I want to iterate over really many files which are placed in a deep folder hierarchy.
The files in question are 15 GB of MS Word documents I intend to process with POI. POI works fine, but a simple recursive function creates an OutOfMemoryException:
public void checkDir(File dir) {
for (File child : dir.listFiles()) {
if (".".equals(child.getName()) || "..".equals(child.getName()))
continue; // Ignore the self and parent aliases.
if (child.isFile())
processFile(child); // do something
else if (child.isDirectory())
checkDir(child);
}
}
// check if the word file can be read by POI
private void processFile(File file) {
InputStream in = null;
try {
in = new FileInputStream(file);
WordExtractor extractor = null;
try {
extractor = new WordExtractor(in);
extractor.getText();
} catch (Exception e) {
// This can happen if the file has the "doc" extension, but is
// not a Word document
throw new Exception(file + "is not a doc");
} finally {
in.close();
in = null;
}
} catch (Exception e) {
// log the error to a file
FileWriter fw = null;
try {
fw = new FileWriter("corruptFiles.txt", true);
fw.write(file.getAbsolutePath() + "\r\n");
} catch (Exception e2) {
e.printStackTrace();
} finally {
try {
fw.close();
} catch (IOException e3) {
}
}
}
Trying to accomplish this with org.apache.commons.io.FileUtils.iterateFiles yields the same exception:
String[] extensions = { "doc" };
Iterator<File> iter = FileUtils.iterateFiles(dir, extensions, true);
for(; iter.hasNext();)
{
File file = iter.next();
processFile(file); // do something
}
I am running Java 6 on Windows 7 and not allowed to move or rearrange the files.
What are my options?
Thank you for your time.
[EDIT] Added the processFile function. Just did a successful run with a simplified version of processFile after increasing the heap size to 512 MB.

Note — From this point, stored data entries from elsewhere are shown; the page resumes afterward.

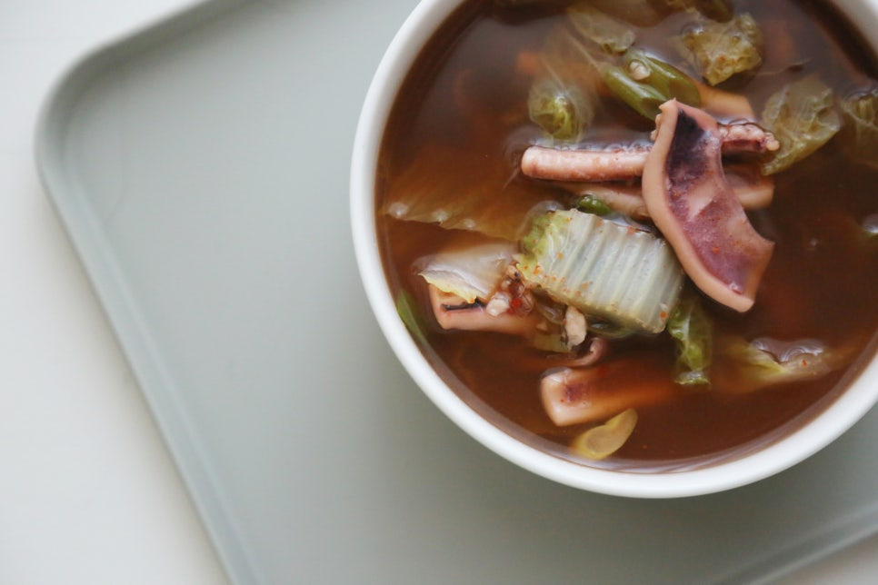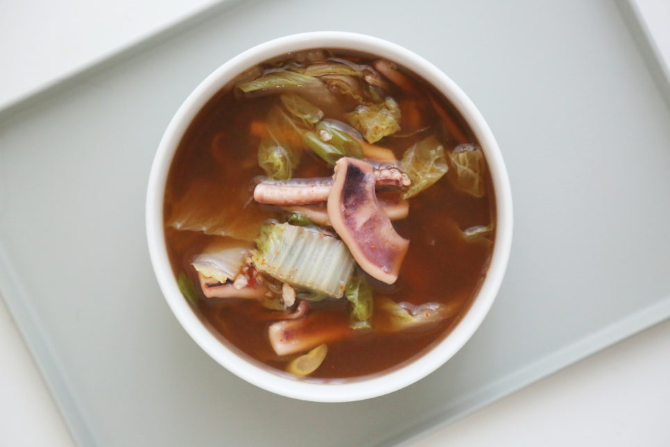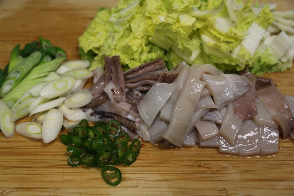 오징어 2마리, 알배추 1/2포기, 대파 1대, 청양고추 2개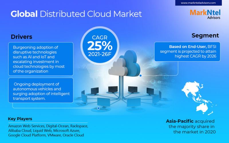 The Global Distributed Cloud Market is expecting around 25% CAGR during 2021-26, says MarkNtel Advisors.The research report Global Distributed Cloud Market cites a detailed analysis of market size, share, growth factors & restraints, recent developments by the leading players, & key trends, among others. The research study would help readers understand market analysis in terms of both revenue & volume, along with the qualitative impact of various factors on market segments across different geographies.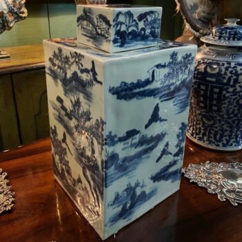 Square Chinese Celadon Indigo Porcelain Covered Jar Modern Center Piece Vase CA
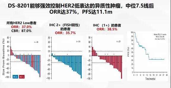 除对HER2+乳腺癌患者疗效显著外,已有体内模型和临床研究显示T-DXd对HER2低表达肿瘤有效。T-DXd首次人体I期试验DS8201-A-J101研究13纳入了HER2低表达晚期不可切除或转移性乳腺癌乳腺癌 (IHC 2+/ISH-,IHC 1+/ISH-或IHC 1+/ISH未检测),研究结果显示,截至2019年2月,54名患者达到了研究终点。ORR为37%,疾病控制率为87%,中位PFS为11.1个月,中位缓解时间为10.4个月。所有亚组均观察到了疗效,包括HR+/-、HER2 IHC评分1+/2+以及既往CDK4/6i经治的乳腺癌。研究安全性数据显示,最常观察到的不良事件是胃肠道和血液学毒性,可能与药物的化疗成分有关。需要特别关注的不良事件有非感染性肺炎/ILD 、左心室功能障碍。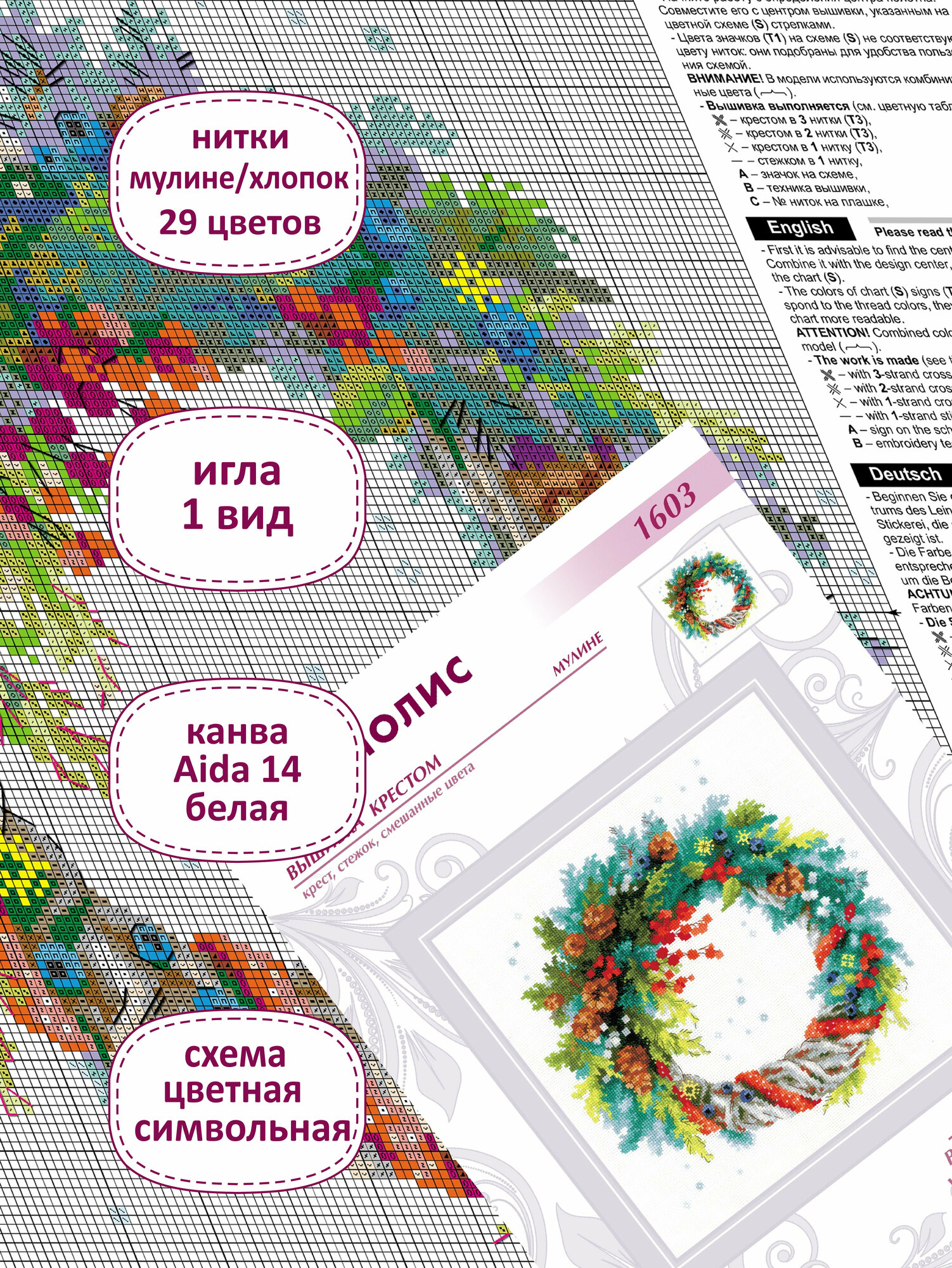 Набор для вышивания крестом Риолис, вышивка крестиком "Венок с голубой елью", 30*30см, 1603 информация:

In conclusion my problem is somehow POI related and NOT to iterating files.
private void processFile(File file) {
System.out.println(file);
}
[EDIT2] I could narrow the cause of the exception down to a 33 MB file. Trying to parse that results in the java.lang.OutOfMemoryError: Java heap space exception. I will post a ticket to the POI bug tracker. Thanks everybody for your suggestions.
I’ll accept MathAsmLang’s answer as that helped to overcome the iteration problem.
I would have accepted krishnakumarp’s comment as an answer, as he was the first one to point that out, but that proved to be impossible 😉
Because it is outofmemoryerror, you should try out starting jvm with
different memory parameters i.e. heap size.